Exercise instructions → Word for word, copy the records and drop the pictures.

—————

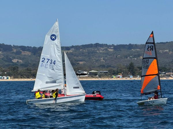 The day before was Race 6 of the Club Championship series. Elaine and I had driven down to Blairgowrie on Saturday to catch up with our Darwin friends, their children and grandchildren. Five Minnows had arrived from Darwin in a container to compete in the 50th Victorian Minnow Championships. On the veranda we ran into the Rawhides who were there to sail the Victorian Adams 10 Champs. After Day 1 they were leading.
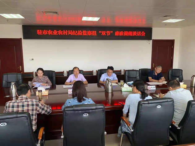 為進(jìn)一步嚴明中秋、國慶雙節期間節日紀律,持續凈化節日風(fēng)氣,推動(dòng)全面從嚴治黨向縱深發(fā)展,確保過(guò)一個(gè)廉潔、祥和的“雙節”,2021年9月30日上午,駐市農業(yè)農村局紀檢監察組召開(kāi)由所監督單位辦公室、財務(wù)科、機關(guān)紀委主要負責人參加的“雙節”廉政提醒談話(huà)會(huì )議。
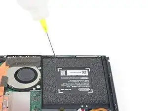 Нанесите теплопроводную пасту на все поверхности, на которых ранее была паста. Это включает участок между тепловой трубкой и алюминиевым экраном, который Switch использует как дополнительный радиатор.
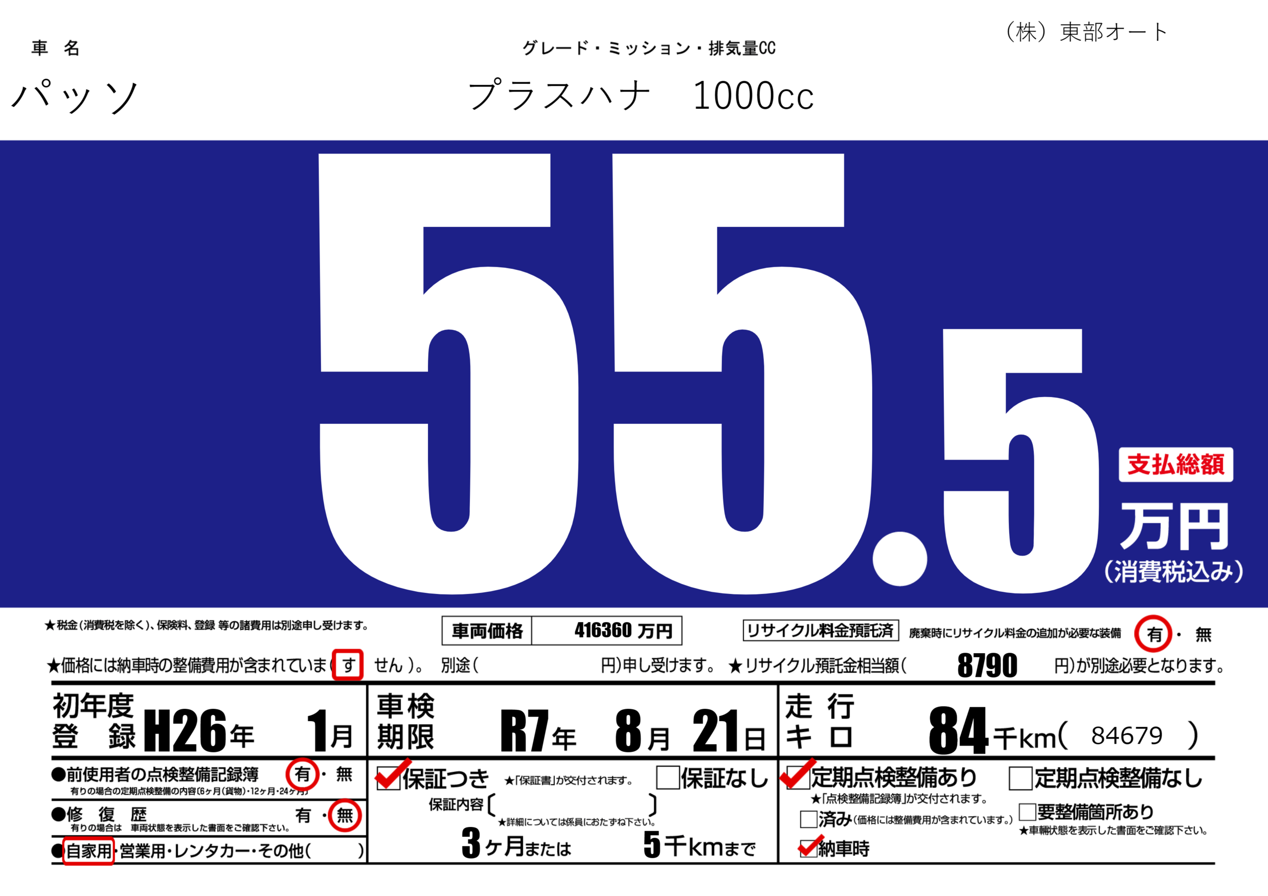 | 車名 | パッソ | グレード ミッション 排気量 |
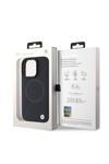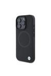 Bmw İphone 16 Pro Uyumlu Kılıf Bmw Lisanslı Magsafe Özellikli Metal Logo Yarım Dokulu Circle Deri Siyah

—————

Response to the task →
 The day before was Race 6 of the Club Championship series. Elaine and I had driven down to Blairgowrie on Saturday to catch up with our Darwin friends, their children and grandchildren. Five Minnows had arrived from Darwin in a container to compete in the 50th Victorian Minnow Championships. On the veranda we ran into the Rawhides who were there to sail the Victorian Adams 10 Champs. After Day 1 they were leading.
 為進(jìn)一步嚴明中秋、國慶雙節期間節日紀律,持續凈化節日風(fēng)氣,推動(dòng)全面從嚴治黨向縱深發(fā)展,確保過(guò)一個(gè)廉潔、祥和的“雙節”,2021年9月30日上午,駐市農業(yè)農村局紀檢監察組召開(kāi)由所監督單位辦公室、財務(wù)科、機關(guān)紀委主要負責人參加的“雙節”廉政提醒談話(huà)會(huì )議。
 Нанесите теплопроводную пасту на все поверхности, на которых ранее была паста. Это включает участок между тепловой трубкой и алюминиевым экраном, который Switch использует как дополнительный радиатор.
 | 車名 | パッソ | グレード ミッション 排気量 |
 Bmw İphone 16 Pro Uyumlu Kılıf Bmw Lisanslı Magsafe Özellikli Metal Logo Yarım Dokulu Circle Deri Siyah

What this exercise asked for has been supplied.